Performance Optimizations Can Have Unexpectedly Large Effects When Combined With Caches

This post is about a non-obvious interaction between performance optimizations and LRU/time limited caching.

In 2017, I was working a major performance issue. We were onboarding a large customer, and a batch process was taking 3 hours1, long enough to mean that trucks would be waiting at the dock, shipments would be fulfilled a day late, etc.

We were able to run the whole process under a sampling profiler, and found that the foo method was taking roughly 50% of the time. Fortunately, it wasn't hard to see room for improvement. The details were tricky, but after some work, I thought I had a solid improvement. I could avoid at least half of the work in the foo method, so perhaps I could shave 45 minutes off the whole process.

We uploaded code to the test environment, expecting to wait a few hours, but the entire process finished in 45 minutes. Instead of a 45 minute savings, we'd shaved off 2 hours and 15 minutes. My first instinct was that we had a bug--nothing is faster than throwing an exception, or skipping all the real work.

In fact, the code was fine. What I didn't realize is that the code pulled data from caches that expired as time went on, and a significant portion of the original 3 hours was spent fetching data that had expired from the cache. After optimizing one slow portion of the code, other portions were reaching from the cache and the overall speedup was larger than seemed possible.

It's common wisdom that systems with caches can fail badly when the caches are cold. When every request misses the cache, the system is overloaded, and never recovers. What I observed was the mirror image.

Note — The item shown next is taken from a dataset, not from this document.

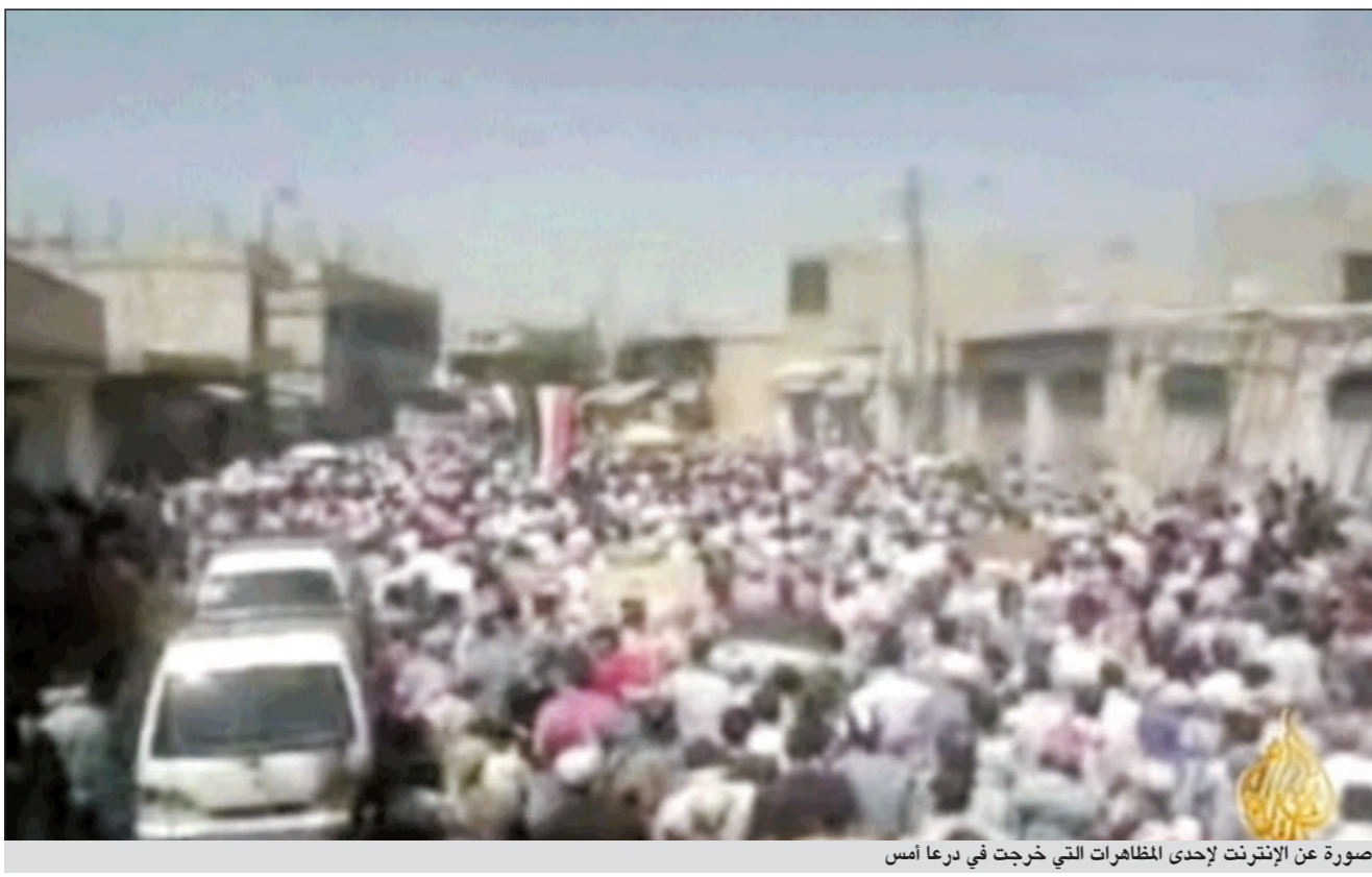
صورة عن الإنترنت لإحدى المظاهرات التي خرجت في درعا أمس

التي يقودها الجيش السوري وقوات الأمن في مدينة حماة أمس والتي أغلقت المدينة تماما وعزلتها عن العالم، متزامنة مع خروج مظاهرات في عدد كبير من المدن. ووسط معلومات عن أن صلاة الجمعة لم تقم في حماة بسبب عمليات القصف والقنص التي منعت الناس من التوجه إلى المساجد، أسفرت المظاهرات التي أطلق عليها نشطاء المعارضة الجمعة «الله معنا» عن سقوط حوالي 10 قتلى واضعافهم من الجرحى في أنحاء مختلفة من سورية أغلبهم في عربين بريف دمشق. وقد امتدت المظاهرات من القامشلي إلى دير الزور مروراً بحمص وادلب وبعض أحياء حلب إضافة إلى درعا وريفها. على صعيد المواقف الدولية، وبعد تحذير الرئيس الروسي ديمتري ميدفيديف لنظيره السوري بشار الأسد من «مصير محزن ينتظره وستضطر في

Thanks to Stuart Cook for pointing out that I was describing the opposite of the familiar cold cache situation.

Footnotes


  1. It's been a minute, and I no longer have the profiles or detailed notes. I have a good memory for figures, but it's possible that 50% was 40%, or 45 minutes was 30 minutes. But it really was 3 hours--when you're staying late to fix a problem and it takes 3 hours to get data, that sticks with you.

    Taking better notes is an important skill. I take better notes these days, but could double my effort on note-taking before I hit diminshing returns.